For a complex HVAC system, the number of sensors and actuators can number in their thousands, and the selection of key sensors and actuators containing the main feature of the system and reflect to important system faults, is crucial for the success of our approach. This paper presents automated monitoring and fault detection techniques, and a key sensor sets selection approach to optimise the fault detection results. This methodology has been implemented and tested in real-world commercial buildings and experimental results show that different types of faults are detected successfully.

2 Overview on HVAC Systems, Sensor Monitoring and Fault Detection

A HVAC system normally includes central plant consisting of a hydronic heater, a hydronic chiller, a pump system, a valve system, a heat exchange system (which includes dedicated heated and chilled water coils), and an air distribution system for supplying occupants with conditioned air. It also includes a sensing system that includes a number of sensors located throughout the system, such as temperature, humidity, air velocity, volumetric flow, pressure, gas concentration, position, and occupancy detection sensors. The BMCS includes a computing system which interfaces with various sensory signals in the HVAC system. Using feedback from various components and sensors of the HVAC system, the environmental conditions for the inhabitancy or functional purpose of the building can be regulated. Figure 1 shows a simple schematic of a HVAC system.

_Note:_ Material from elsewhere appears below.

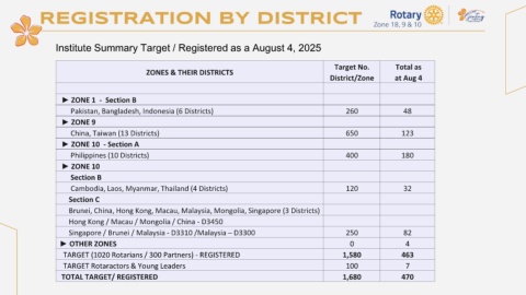 TARGET (1020 Rotarians / 300 Partners) - REGISTERED 1,580 463

It consists of three main parts: air handling unit (AHU), the chiller (cooling) and boiler (heating) systems, and the control system. When a HVAC system is operational, a supply air fan as part of the AHU draws air from either outside, return air from the indoor area, or a mix of both, and past the cooling/heating coil heat exchange to achieve the desired temperature and humidity before being supplied to the indoor area. A trade off among exhaust, fresh and recirculation air is decided by the BMCS, based on the real-time sensor signals.

Fig. 1
figure 1

General schematic diagram of a typical HVAC system

In a typical multiple storey commercial building, there can be tens to hundreds of zones. A large high rise commercial office building needs to be divided into multiple zones, in order to satisfy and maintain desired temperature and air quality conditions. Figure 2 shows a screenshot of a single zone from a BMCS interface. Some sensors such as the damper positions, valve positions are marked in the figure, while some other sensors’ readings are listed in the top right corner, such as the supply air temperature set point, return fan speed set point, etc.

Fig. 2
figure 2

The view of an Air Handling Unit (AHU) of a HVAC system from the Building Management & Control System interface.

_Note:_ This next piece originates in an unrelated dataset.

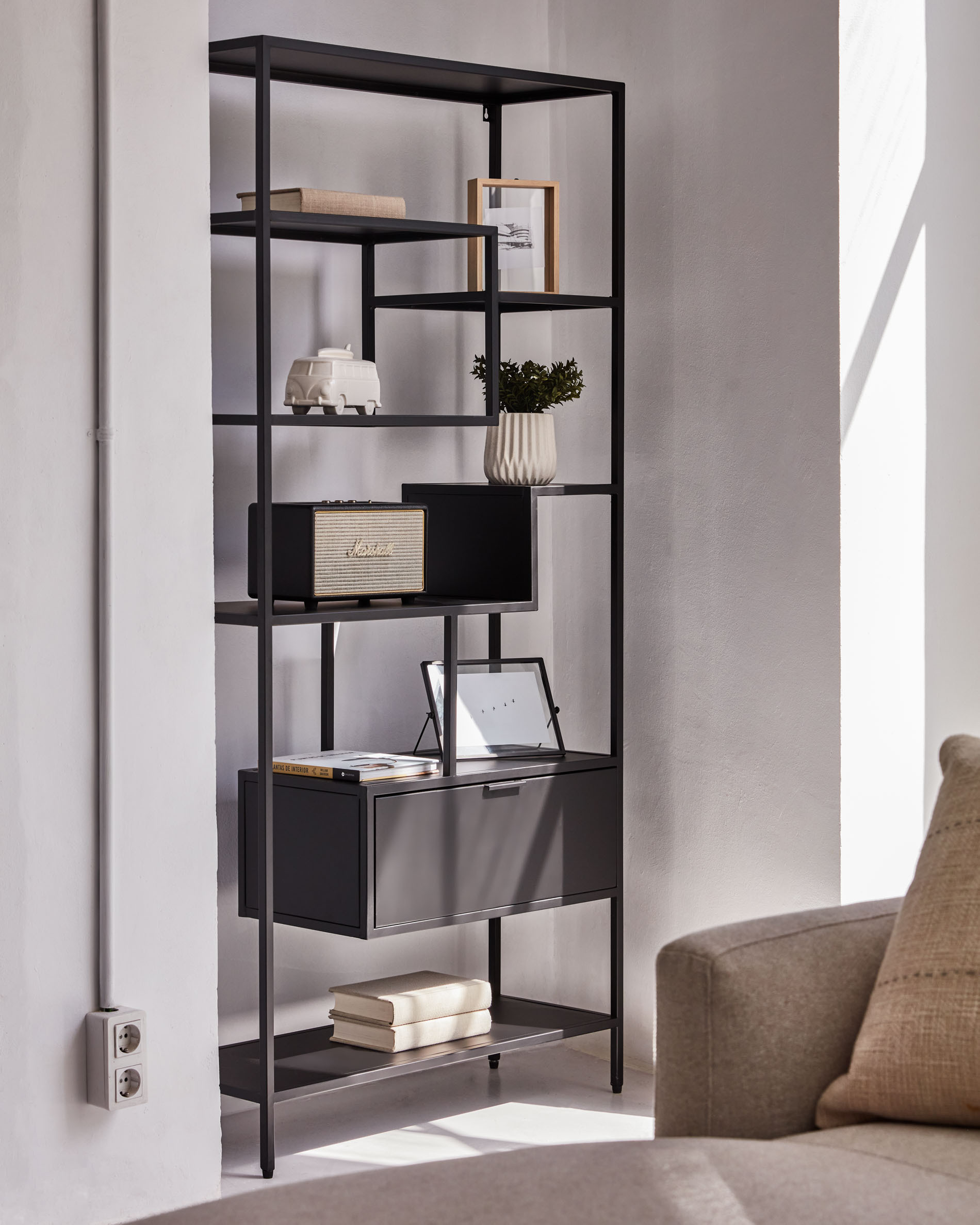 Книжный стеллаж Shantay от фабрики La Forma (ex Julia Grup) – конструктивный дизайн и трендовый черный металл.

Thousands of sensors read real-time status of the equipment in a large HVAC system. The abundance of sensor data makes it difficult and expensive for human operators to continuously monitor the system and identify faults or operational inefficienies quickly.

One solution is to develop an intelligent automated sensor monitoring and fault detection system which can continuously monitor sensor data from various system components and identify unusual or inefficient behaviours.

Our approach is to use statistic machine learning algorithms based on key sensor selection and monitoring technique. Firstly, historical sensor data is logged during normal operation of the HVAC system. Secondly, suitable sensor combinations and their features are chosen to train HVAC system status models. These self-learnt models can build up the time-varying relationships between monitored sensors and/or sensor features of normal operation in a HVAC system.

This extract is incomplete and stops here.